Al principio no supo que responder. La crueldad, la dureza en las palabras de aquella esmirriada criatura que tenía en frente, lograron hacerle tambalearse ligeramente de su asiento. Era evidente que aquella niña no sobrepasaba siquiera la edad de 15 años. Sin embargo, se obligó a sí mismo a recobrar la compostura y averiguar la causa de aquella radical aseveración.

- ¿Por qué habría de hacerlo? - No lo comprendería. Ella es… diferente. Le resulta tóxica a

todo lo que le rodea. Nadie se atreve a decirlo en voz alta, pero yo sí. Ya me cansé de guardar silencio.

La frialdad de sus palabras, el total desapego que demostraba por alguien tan cercano a ella lo hicieron sentirse inquieto, a decir verdad, más curioso que inquieto.

- Debes ser más específica – le dijo- . No basta con que se considere a alguien “tóxico” para pretender eliminarlo.
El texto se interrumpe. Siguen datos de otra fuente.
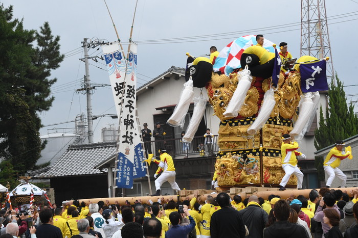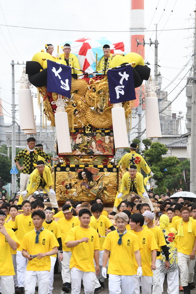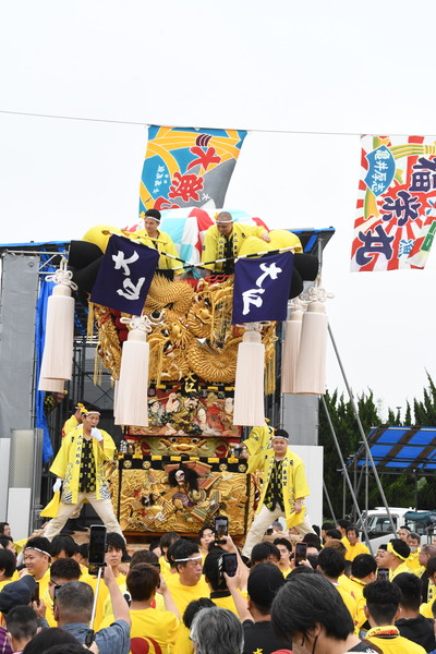 令和元年に太鼓台一式新調。 令和6年に上幕(大漁祈願幕)・中幕・化粧板(欄間彫刻)を新調。 一宮神社にて化粧板を御披露目<令和6年6月> |
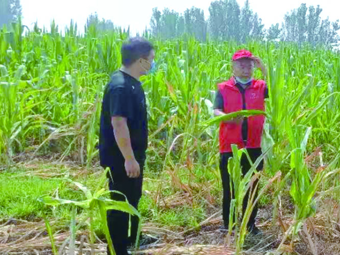 湛河区曹镇乡素有“鹰城小江南”之称,地下水位偏高,容易引起涝害,今年的集中暴雨导致该区玉米出现大面积倒伏。看着被洪水浸泡的庄稼,“黑老秦”的心被深深刺痛。“天灾不可拍,挽救是关键。”他同其他农业技术人员迅速行动,一方面配合组织人员迅速进行灾害调查,统计上报灾情;另一方面积极对群众进行科普宣传,号召群众开展自救,按照玉米田受灾状况采取相应措施:能够排涝的田地,迅速挖沟排水,及时进行叶面营养补充,最大限度挽回水灾损失。对于作物已被淹死的农田,及时清理田间植株和杂草,墒情合适时翻耕整地,播种生长期短、适应生产的蔬菜、小杂粮等适种作物。

- Detalles. ¿Qué importan los detalles? Tengo un trabajo para usted y puedo pagarle bien para que lo haga. En este caso es mejor omitir los detalles.

- No comprendes. No es cuestión de dinero. No puedo hacer lo que me pides si no tengo motivos valederos para hacerlo.

- Comprendo. Es su manera de justificarse y limpiar su conciencia. Así, tal vez piense que hace algo bueno y pueda dormir por las noches.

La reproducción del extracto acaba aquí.